Il comprit d'emblée que la vapeur n'était pas la solution idéale pour motoriser
de petits véhicules de luxe. Bien sûr, déjà en 1875, la grosse
"Obéissante" d'Amédée Bollée fonctionnait bien, mais c'était une
sorte d'autobus rural. Le moteur à vapeur ne trouvera d'ailleurs son
épanouissement que dans le transport en commun, sous forme de locomotives. La
traction électrique était tentante, mais aucune auto électrique vraiment
pratique n'avait encore été réalisée (c'est encore vrai cent ans plus tard). La
solution du moteur quatre temps (brevet Otto) s'imposait déjà d'elle-même. La
première vraie automobile (1886), celle de Carl Benz, roulait très bien, mais
son moteur (0.7cv à 300 trs/mn), était moins intéressant que celui dessiné un
an plus tôt par Gottlieb Daimler et Wilhelm Maybach. Ceux-ci étaient installés,
comme plus tard l'usine Porsche, près de Stuttgart, plus précisément à Bad
Constatt, berceau historique de l'automobile. Ayant commandé le meilleur moteur
de l'époque, un "Phœnix", à Gottlieb Daimler, Lohner avait essuyé un
refus. De même les négociations avec Rudolf Diesel avaient échoué, le moteur
diesel pour automobile étant encore bien loin d'être ou point. Lohner est alors
contraint de s'adresser en France. En effet à cette époque (entre 1890 et
1900), le développement de l'automobile, création allemande, était curieusement
passé en France où les brevets de Daimler étaient exploités par Panhard &
Levassor ainsi que par Peugeot. En Allemagne, Daimler ne parvenait pas à
produire son moteur et Benz piétinera jusque 1893 dans la commercialisation de
ses automobiles. En 1890, l'automobile était inventée mais on n'avait encore
construit que huit autos à essence "modernes", cinq Benz et trois
Daimler. Ce sera assez curieusement le succès de l'automobile en France qui
relancera l'enthousiasme des constructeurs Allemands. Bref, Lohner s'adresse à
la firme Française Lefèbre-Fessard qui se fait un plaisir de lui livrer des
moteurs à essence "Pygmée", bicylindres, d'une puissance motrice (pas
fiscale) de 4 ou 6cv. Ces moteurs ne résultaient pas de l'exploitation des
brevets des inventeurs allemands mais en étaient nettement inspirés, on dirait
aujourd'hui qu'il s'agit de clones.
Ces "Pygmée" portaient bien leur nom, ils étaient à peine suffisant
pour propulser ou pas de l'homme de très légers phaétons manifestement conçus
pour la traction chevaline. Ce fut un échec, seulement quatre Lohner à moteur à
pétrole seront construites (vendues?) avant 1900. De plus, comme chez Lohner,
on était très snob et patriotique, le carrossier ayant le statut de fournisseur
de la cour, on voyait mal l'Empereur transporté dans ces petits carrosses
sous-motorisés par des moteurs non autrichiens.

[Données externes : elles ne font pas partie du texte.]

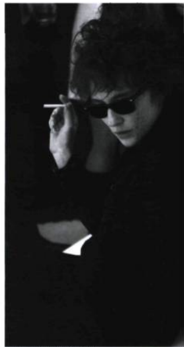
Une aisance époustouflante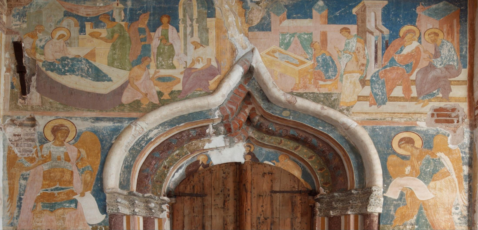
Монументальные росписи собора Рождества Богородицы, созданные Дионисием, отличаются от других стенописных памятников полной композиционной сохранностью.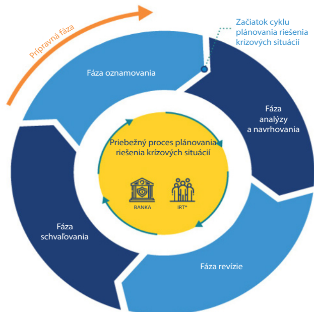
Obrázok 2. Cyklus plánovania riešenia krízových situácií

* Vnútrotný tím pre riešenie krízových situácií.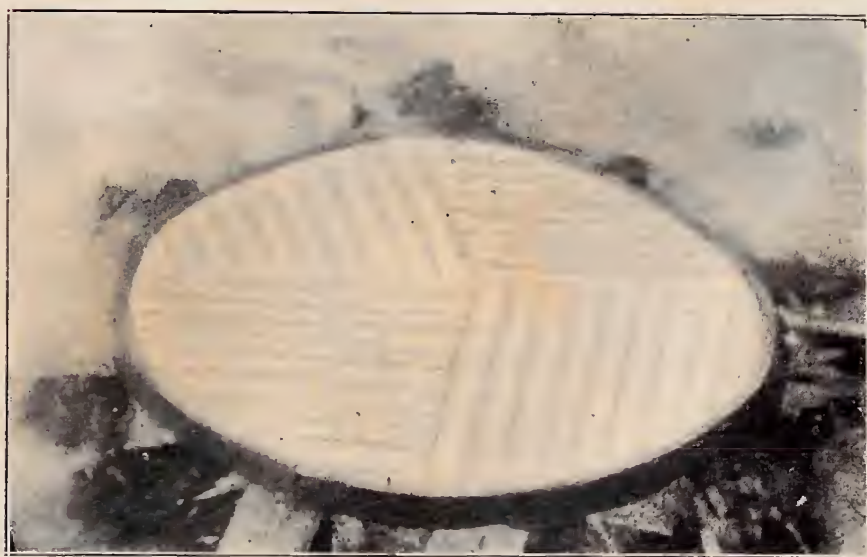
"Bijú" dos Índios Rangús — Serra Tumuc-Humac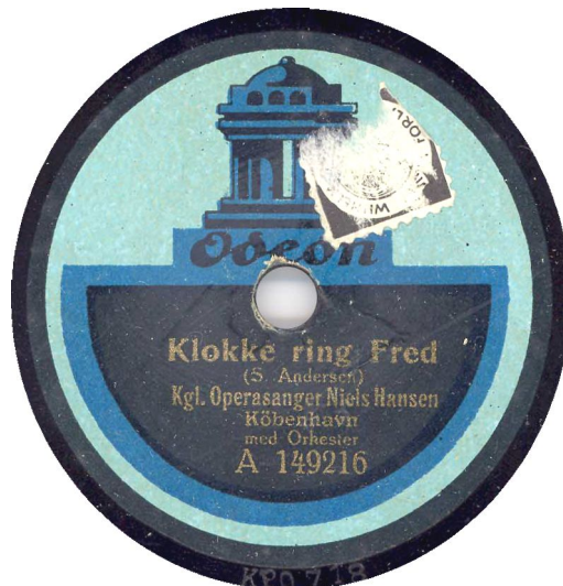
Også "lille" etiket, men med grå extra kant.

Le voisinage du constructeur de moteurs
électriques Béla Egger & Co et l'emballement du public autrichien pour tout
ce qui était électrique (comme les nouveaux tramways viennois) poussèrent
Lohner à essayer la propulsion électrique.

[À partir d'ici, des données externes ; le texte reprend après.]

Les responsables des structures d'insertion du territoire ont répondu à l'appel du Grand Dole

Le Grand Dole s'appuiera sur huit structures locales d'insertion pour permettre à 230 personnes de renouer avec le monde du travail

A première vue, ce choix technique n'était pas évident. Le premier moteur
électrique ne développait que 3cv et il fallait transporter plus de 400 kg de
batteries. Ce poids nécessitait un châssis très costaud et générait de nombreux
problèmes au niveau train roulant.
La première Egger-Lohn Elektromobil date de 1897 et était antérieure à la
collaboration avec Porsche. C'était une véritable aberration mécanique qui ne
trouva pas acquéreur. Le moteur électrique était fixé sur l'axe avant rigide
qu'il actionnait, peut-être sans différentiel. C'était donc une traction dont
les roues arrière folles étaient directrices. Ceci permettait de tourner très
court, d'éviter l'usage de cardans, mais rendait la conduite bizarre,
comparable à celle d'un élévateur à fourches.
|
Le Fardier de Cugnot, premier véhicule
terrestre et première traction. |
C'est en réfléchissant aux causes de l'échec de
ce véhicule que Porsche, dès son arrivée chez Lohner conçut une voiture
électrique fonctionnelle.
Ce devait absolument être une traction avant comparable aux voitures à chevaux
qui avaient fait la renommée de la firme. Comment rendre les roues avant
motrices était un problème qui perturbait tous les constructeurs de l’époque ?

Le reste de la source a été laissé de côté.